Inwestycja kosztowała 7 mln zł. Nowy piec ma 300 metrów sześciennych. Jest największym piecem w polskim cukrownictwie. Właśnie rozpoczyna swoją pracę.
- Bardzo długo czekaliśmy na ten piec. Rozwiązuje on nam bardzo wiele naszych problemów - wyznaje Lech Sobecki, dyrektor "Cukrowni Kruszwica".
Poprzedni piec wybudowany został w 1983 roku. Miał pojemność 129 metrów sześciennych. Można było z niego uzyskać maksymalnie do 80 proc. wapna potrzebnego do produkcji przy przerobie około 9 tysięcy ton na dobę. Pozostała część wapna musiała być dostarczana z innych cukrowni. Wzrastały więc koszty transportu. Ponadto wapno uzyskiwane w starym piecu ze względu na krótki czas wypalania nie było najwyższej jakości.

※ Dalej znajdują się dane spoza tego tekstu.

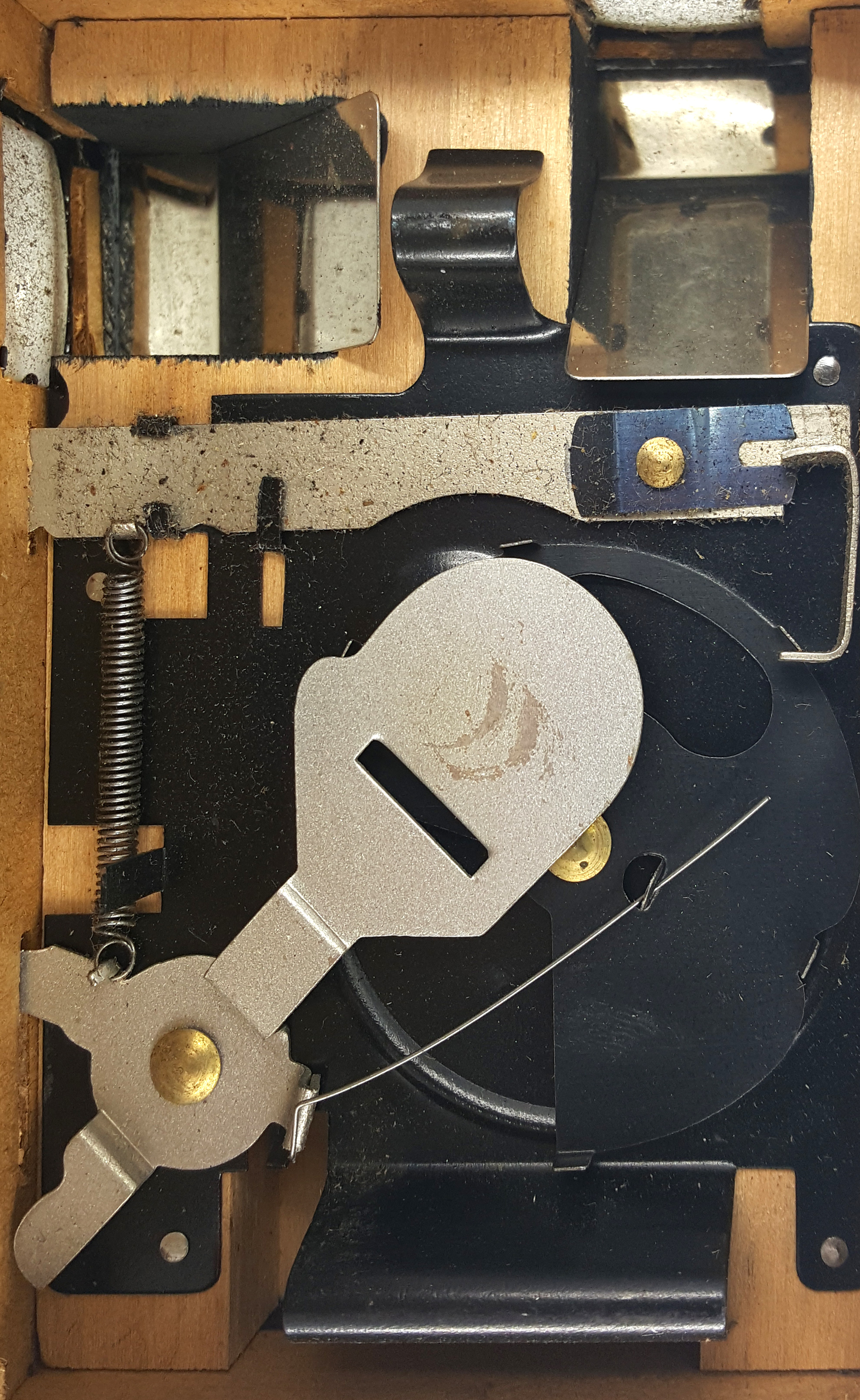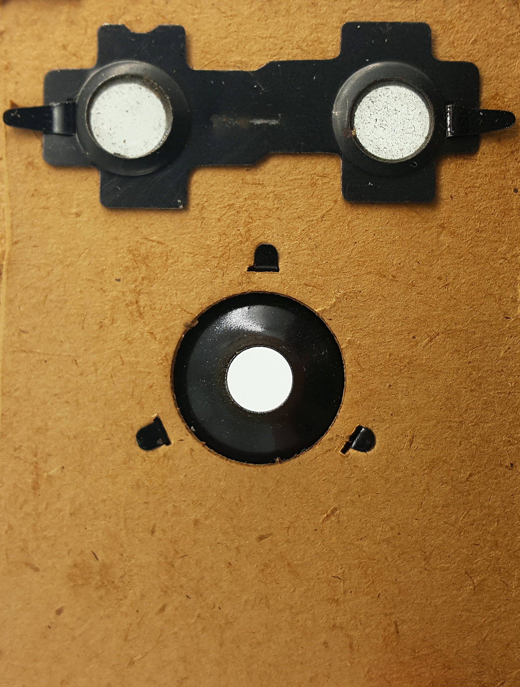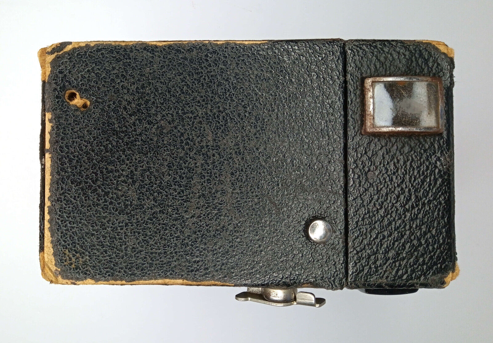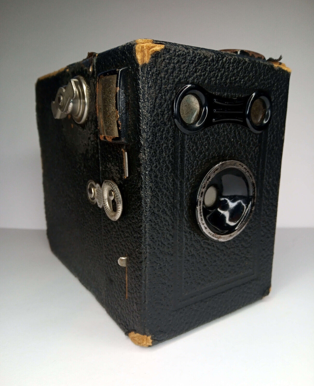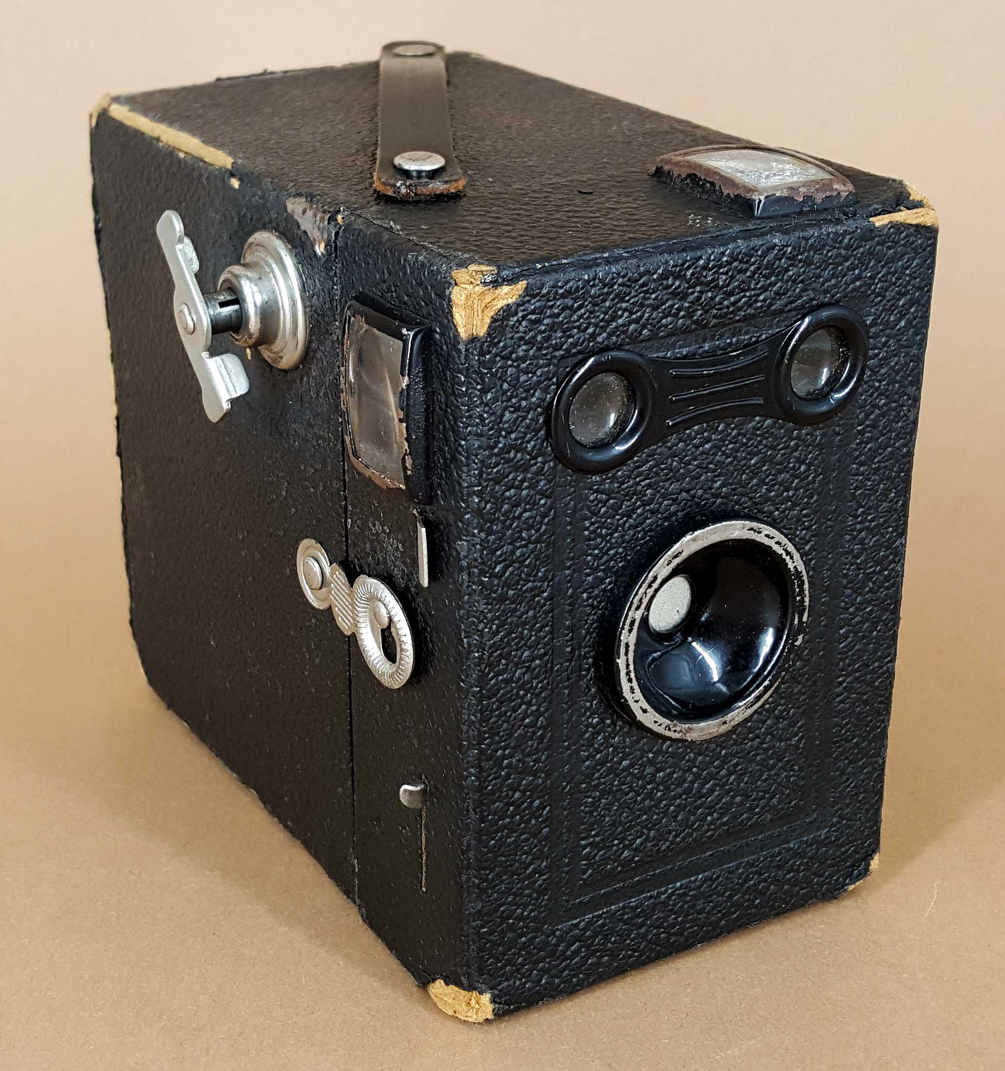 Das abgeschabte Leder erlaubt aber auch einen Blick auf sonst verborgene Details: Im Bereich des Filmtransportknopfes ist das Pappgehäuse mit Blech verstärkt. Insgesamt ist die Kamera wirklich „preiswert“ verarbeitet: Es gibt ein hölzernes Basiselement in dem Verschluss, Objektiv, Sucher, Auslöser und der Filmträger befestigt sind. Dieser vordere Kamerateil ist mit einem belederten Pappgehäuse verkleidet, wobei das Pappgehäuse mit sieben Nägeln am Holzelement festgenagelt wurde. Der Filmträger ist mit zwei großen Nägeln im Inneren des Trägers mit dem Holzelement verbunden. Ein Blick hinter die "Brille" gibt dann endgültig Gewissheit: Die „Brillenbox“ wurde von Balda hergestellt, denn es ist deutlich der patentierte Balda-Verschluss zu erkennen.

Nowy piec jest dużo większy. Gwarantuje wystarczającą produkcję wapna nie tylko przy przerobie 9 tysięcy ton na dobę, ale także przy wyższych przerobach. Inwestycja ta ma obniżyć koszty produkcji oraz przyczynić się do poprawy jakości produkowanego cukru.
Wiceminister skarbu Cezary Gabryjączyk był pod wrażeniem kruszwickiego zakładu. - Dumny jestem z tego, co widzę w zakładzie w Kruszwicy. Widać tutaj gospodarza. Widać tutaj rozmach, z jakim się produkuje. Jest to jedna z najnowocześniejszych cukrowni w Polsce - wyznał.
Przy okazji stwierdził, że jest spokojny o rok 2017, kiedy nastąpi uwolnienie cen cukru. Zapewnił, że KSC będzie to tego przygotowana. - Jestem przekonany, że ta spółka będzie dalej bardzo dobrze się rozwijała i w najbliższym okresie będziemy mogli konkurować z firmami niemieckimi i skutecznie wypierać ich z naszego rynku - wyznał Cezary Gabryjączyk.